也有人劝拉斯洛效仿先前那些君主们,以查理曼的圣遗物来增强自身的正统性和威望,不过他并没有将主意打到死人身上。
相比起继承和重现查理曼的伟业,他现在已经开创了不输于这位大帝的霸业,完全不需要再通过这种渗人的办法来提高自身的权威。
至于克里斯托弗,作为他的儿子,就更不需要这种东西来稳固和加强权威了。
在造访过查理曼的安眠之地后,加冕的仪式也正式开始。
游行的队伍空前庞大,比之拉斯洛在此加冕时,这回前来观礼和宣誓效忠的帝国等级数量整整翻了五倍不止。
这一方面是因为皇帝的宫廷按照《帝国等级名册》很轻松地确定了到底哪些人有资格参加这样规格的加冕礼,另一方面则是哈布斯堡家族无可动摇的霸主地位使得所有帝国等级都无法忽视其威严。
远及丹麦、条顿骑士团,甚至位于更北方的里加大主教都派出使者参与此次庆典,另外教宗、拉斯洛的二姐夫立陶宛大公、东方诸属国摄政和北法兰西的查理八世也派了使者过来,甚至还有失势的英格兰国王爱德华四世作为陪衬。
在此之前,亚琛几乎从来没有聚集过如此多来自大陆各地的权贵和使节,这也令当地的民众大开眼界。
庞大的队伍穿过人群聚集的广场,直抵用于举行加冕仪式的亚琛大教堂。
负责为克里斯托弗加冕的是帝国大宰相美因茨大主教阿道夫,他首先依照固定的流程向挤满了教堂和外面广场的观礼者及市民展示了今天的主角克里斯托弗皇子。
“诸位选侯及帝国公民,请看,克里斯托弗冯哈布斯堡,拉迪斯劳斯一世之子,诸多王冠的继承者,奥地利大公,多菲内领主,弗朗什孔泰伯爵。
他是被上帝与选侯所选定之人,注定要加冕为罗马人的国王,未来继承帝国的皇位,统治帝国,捍卫信仰,在整个基督教世界建立和平。
你们可愿接受他的统治?”
大主教的呼喊回荡在教堂内外,人群突然安静了一下,随即响起山呼海啸般的欢呼。
原本面对这么多人的注视还有些小紧张的克里斯托弗悄悄松了口气,脸上带着温和的笑容,看起来比刚才要自信了不少。
在旁边为儿子站台的拉斯洛轻轻点了点头。
这加冕礼的第一步并未出现问题。
像是此类寻求承认的仪式其实象征着日耳曼诸部落古老的选举传统,尽管时至今日已经流于形式,但接受诸侯及民众的欢呼还是能让加冕者产生自己是“众望所归”的错觉。
就是美因茨大主教的誓词让第二次参与亚琛加冕的拉斯洛又差点没绷住。
对着遍地的日耳曼人询问他们是否愿意接受某人成为“罗马之王”,听起来有点像地狱笑话。

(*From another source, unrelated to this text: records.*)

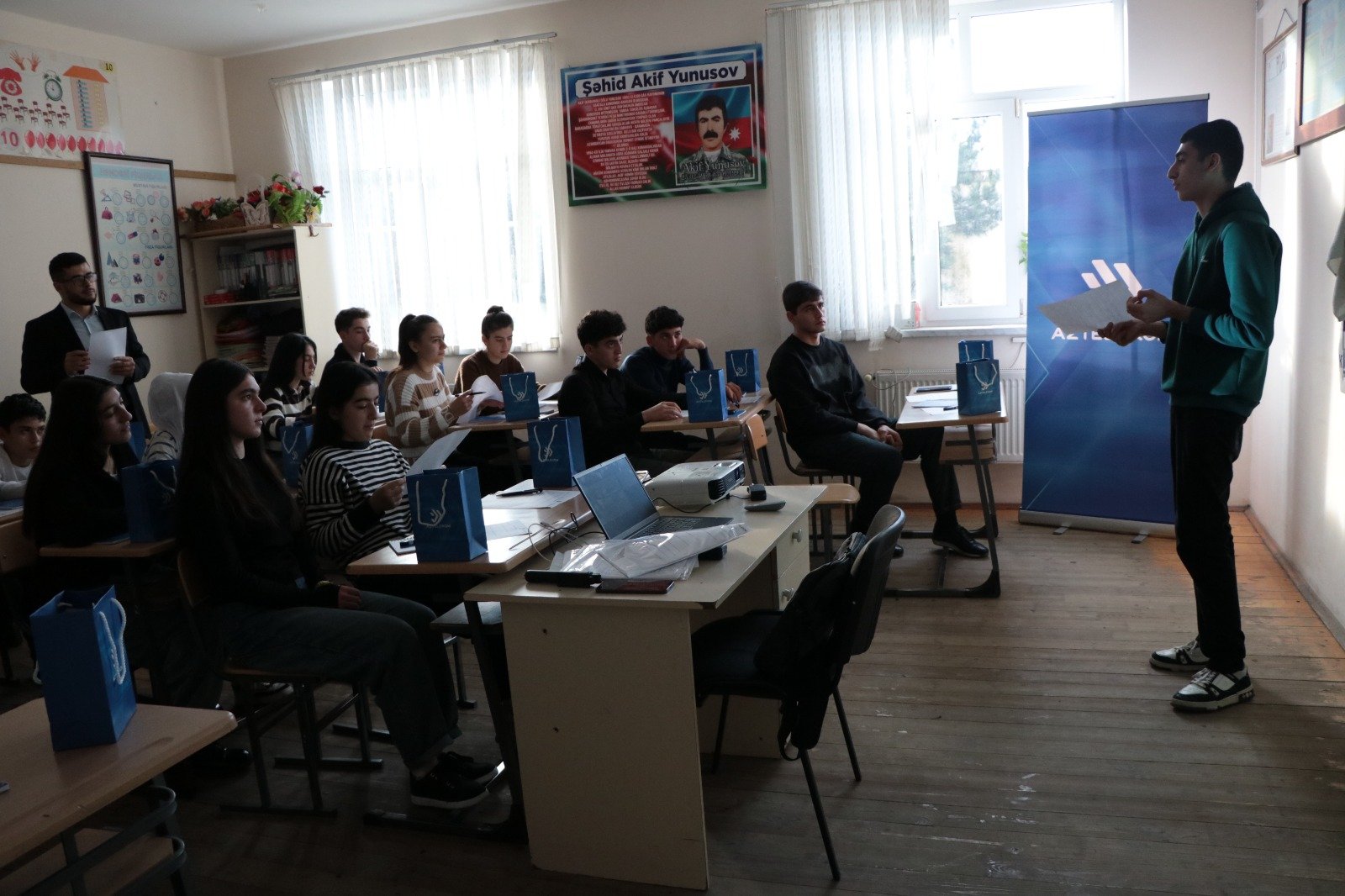 Təlimdə “Aztelekom”un mütəxəssisləri tərəfindən şagird və müəllim heyətinə şəxsi məlumatların qorunması, sosial şəbəkələrdə davranış qaydaları, onlayn təhlükələrdən qorunma üsulları və məsuliyyətli internet istifadəsi mövzularında məlumatlar təqdim olunub.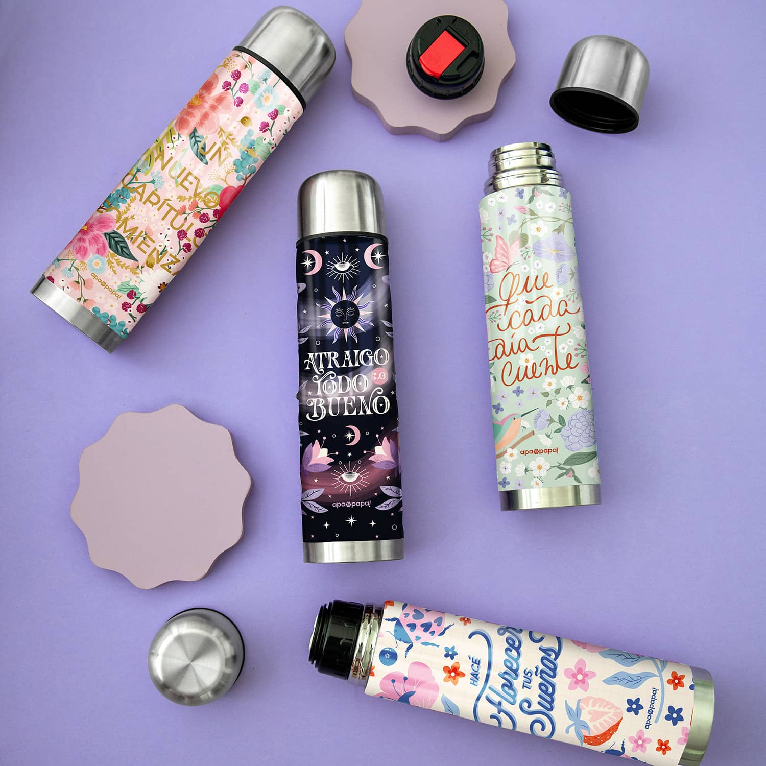 Vienen forrados en vinilo con distintos diseños para que hagan juego con nuestros yerberos y azucareros.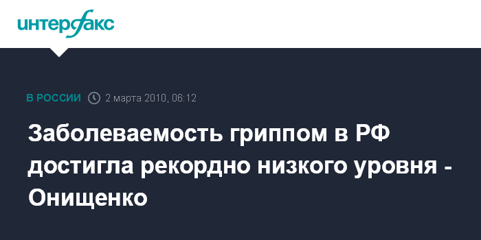 Заболеваемость гриппом в РФ достигла рекордно низкого уровня - Онищенко
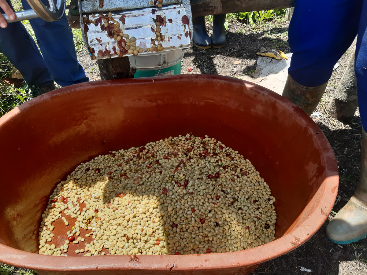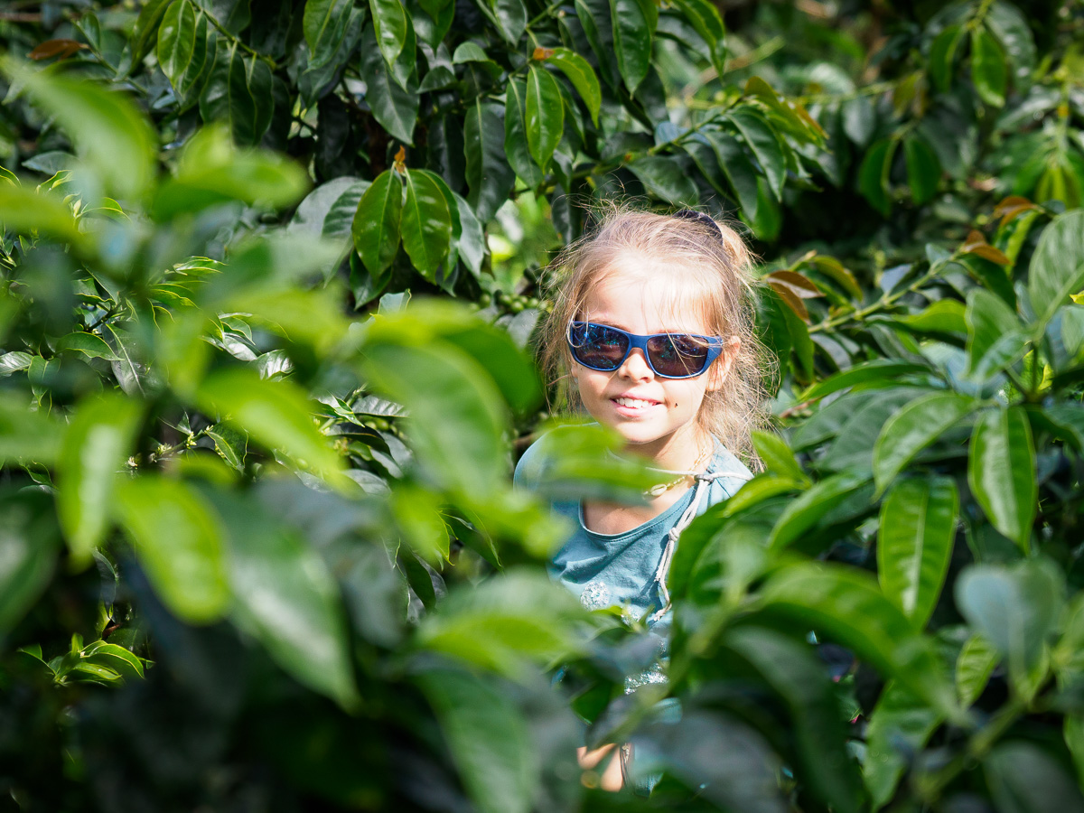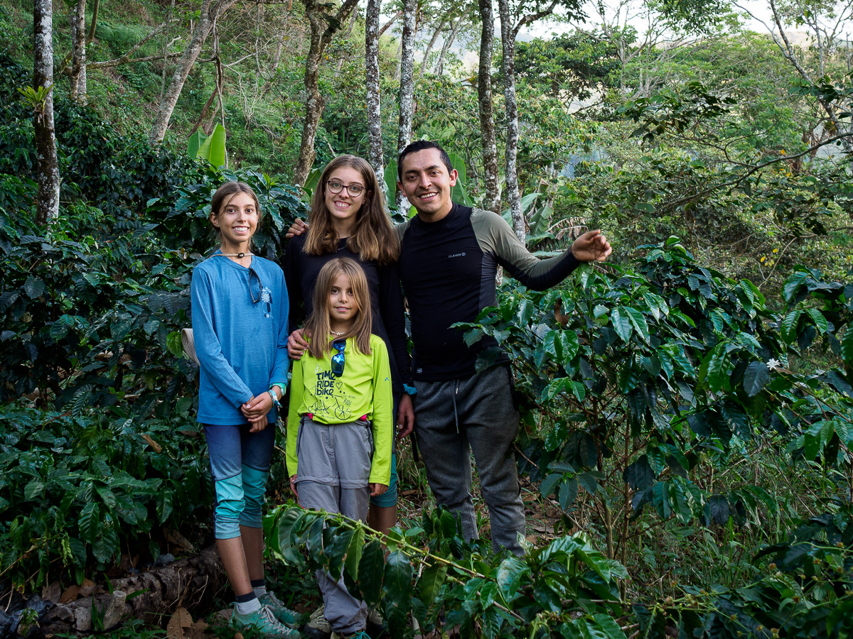 Dès 7h30, équipés de paniers, nous arpentons la plantation à la recherche de pépites de café rouges et mûres. Elsa qui débute dans le métier est heureuse à chaque nouvelle fleur qu’elle découvre et son enthousiasme est contagieux. Nous nous appliquons dans cette nouvelle tâche et les filles prennent leur rôle très à coeur. Nous moulons ensuite la cueillette pour en extraire le grain qui est lavé puis séché. Pendant ce temps, le reste de la famille prépare un bon déjeuner que nous partageons tous ensemble à l’ombre de la cuisine à bois.

其实在最初亚琛加冕时,主教宣称的还是“德意志之王”,12世纪以后皇帝与教宗决裂,为了摆脱教廷的影响,“德意志之王”的名头也就自适应变更为了“罗马之王”,并成为皇帝本人或帝国继承人的专属头衔。
不过拉斯洛觉得自己还是挺有希望在有生之年将这一头衔变成现实的,只是目前无此必要。
紧接着进行的是一系列繁杂的仪式,堪称一场中世纪大型戏剧,包括宣誓、涂油、授予宝器、登基并接受诸侯的效忠等流程。
毕竟是神授君权的具象化体现,越是像这样隆重夸张,就越能令人信服。
整个过程中拉斯洛就坐在专门为皇帝添置的御座上,一言不发地盯着诸侯们一个个走到克里斯托弗的国王御座前。
诸侯们首先向皇帝行礼,随后转向克里斯托弗行效忠礼。
若是有人迟疑,拉斯洛便会当场发话定调,不过这场仪式他全程保持沉默,从选侯们开始,没人对加冕表示任何异议,整个仪式现场都被他的气场死死压制,一直到最后人们为新王献上欢呼与祝福。
从瓦茨拉夫到西吉斯蒙德,再到阿尔布雷希特二世,帝国的臣民们等了七十多年,总算等来了一位认真履职的皇帝。
尽管他统治的时间只过去了十几年,可他踏足帝国土地的次数和对帝国事务的关注已经远远超越了过去的几位皇帝,并最终为帝国带来了可贵的和平。
人们现在将更多的期望寄托在他的儿子身上,只要不是再来一个瓦茨拉夫那样无能的君主,他们的接受度还是挺高的。
加冕礼结束后,在庆祝的晚宴开始前,拉斯洛带着克里斯托弗到亚琛的市政厅里走了一趟。
照老传统,新王登基后,亚琛市的特权将得到更新和确认,在这些过去已有的自由市特权中,拉斯洛特地顺从市民的请愿通过帝国法令的形式加强了亚琛自治城市法庭的权威。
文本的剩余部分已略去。